• Exercise details
Only the lines below from the one containing "1. 全新珍珠綁帶造型寬褲 XL $200" through the one containing "Letter enclosed, Addressed" belong in the answer, set down exactly, with the pictures left out.

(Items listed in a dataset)

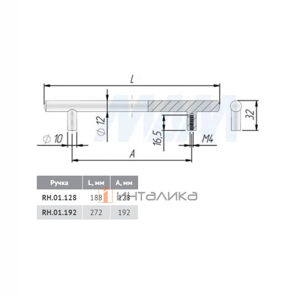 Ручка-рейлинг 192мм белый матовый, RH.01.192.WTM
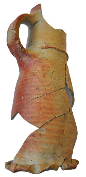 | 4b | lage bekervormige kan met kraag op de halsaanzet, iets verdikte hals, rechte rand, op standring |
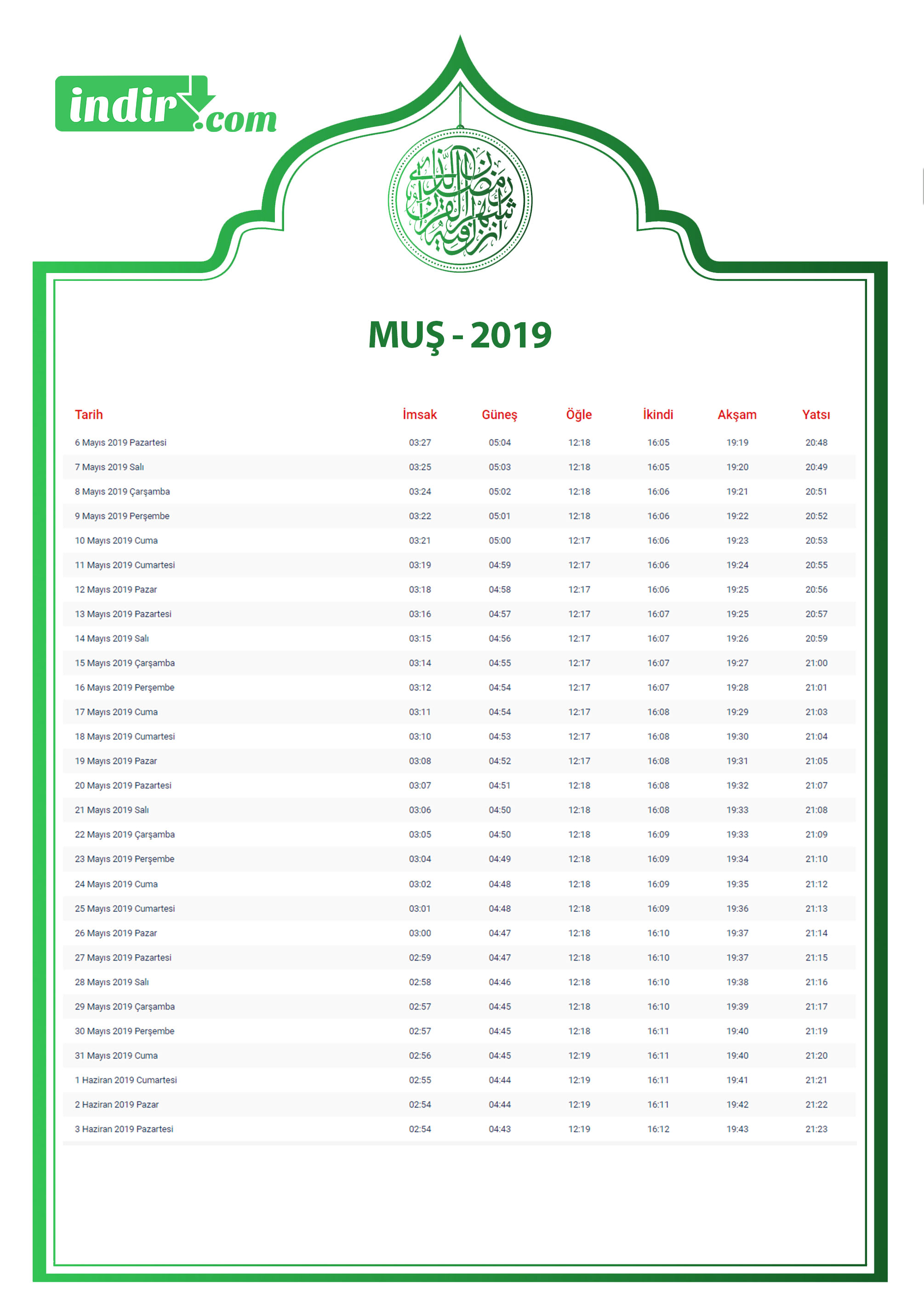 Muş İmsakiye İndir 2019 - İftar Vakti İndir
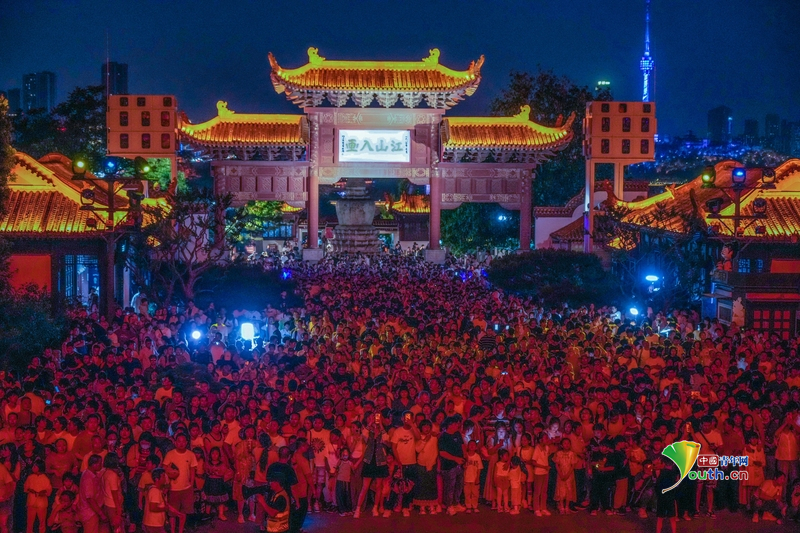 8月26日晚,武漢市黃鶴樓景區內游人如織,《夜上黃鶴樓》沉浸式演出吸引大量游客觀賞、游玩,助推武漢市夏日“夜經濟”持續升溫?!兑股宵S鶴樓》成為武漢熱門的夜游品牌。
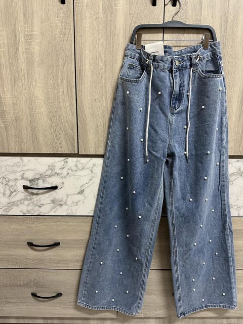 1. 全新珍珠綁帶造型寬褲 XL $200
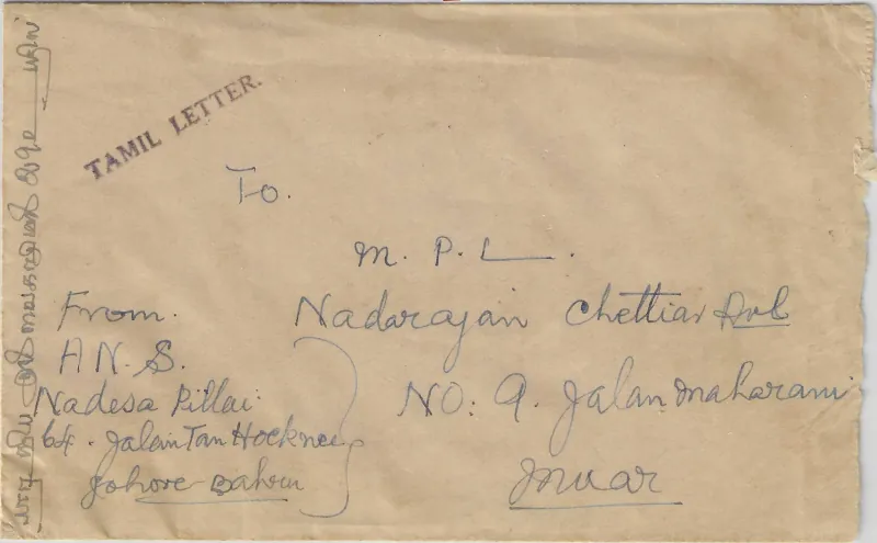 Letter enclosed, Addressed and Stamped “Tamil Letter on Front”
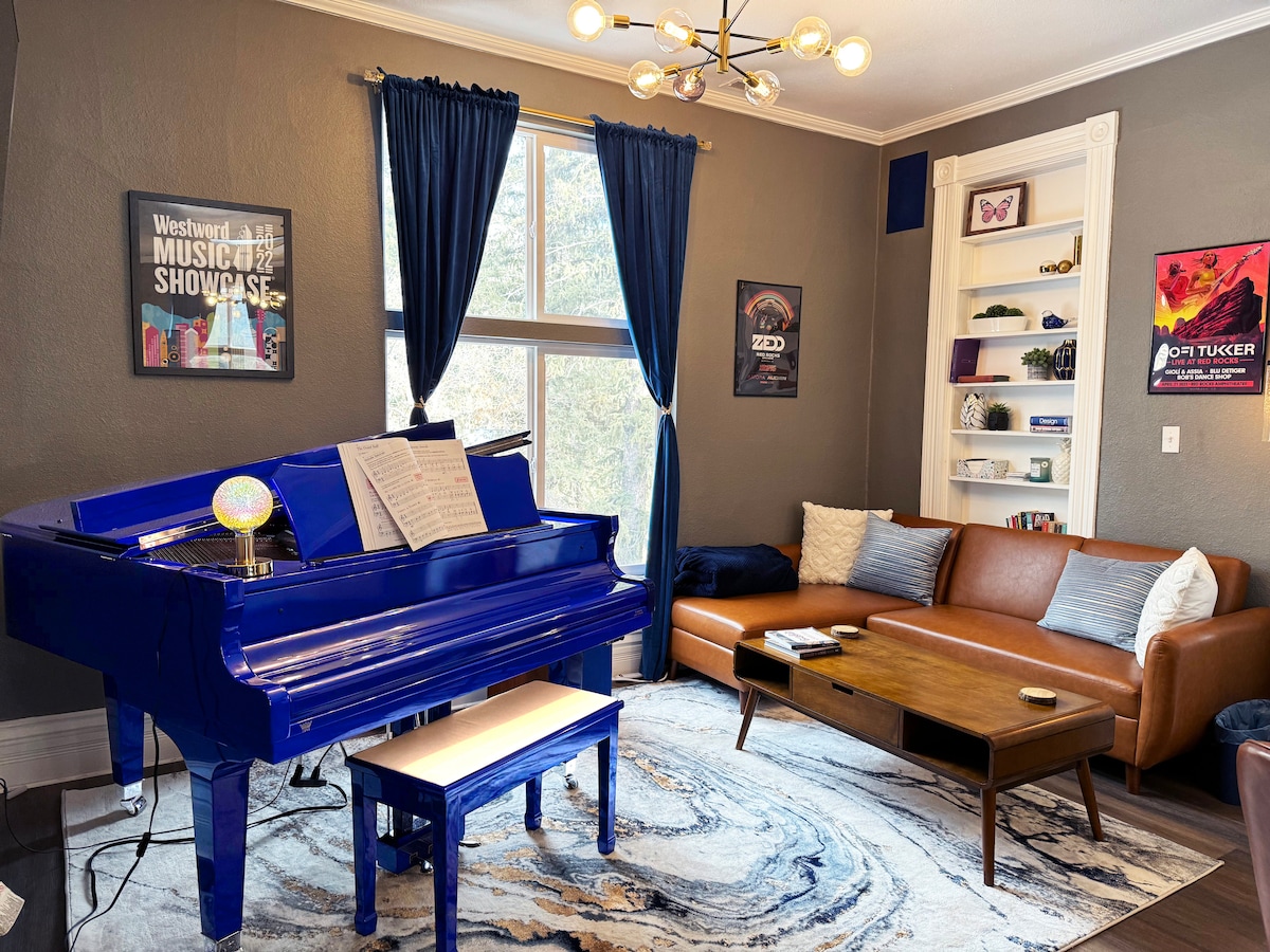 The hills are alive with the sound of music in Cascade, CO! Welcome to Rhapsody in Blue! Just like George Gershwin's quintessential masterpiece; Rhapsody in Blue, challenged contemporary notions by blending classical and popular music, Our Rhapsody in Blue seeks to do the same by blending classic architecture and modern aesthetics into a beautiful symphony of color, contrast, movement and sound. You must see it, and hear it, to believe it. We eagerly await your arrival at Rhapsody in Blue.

• Solution to the exercise
 1. 全新珍珠綁帶造型寬褲 XL $200
 Letter enclosed, Addressed and Stamped “Tamil Letter on Front”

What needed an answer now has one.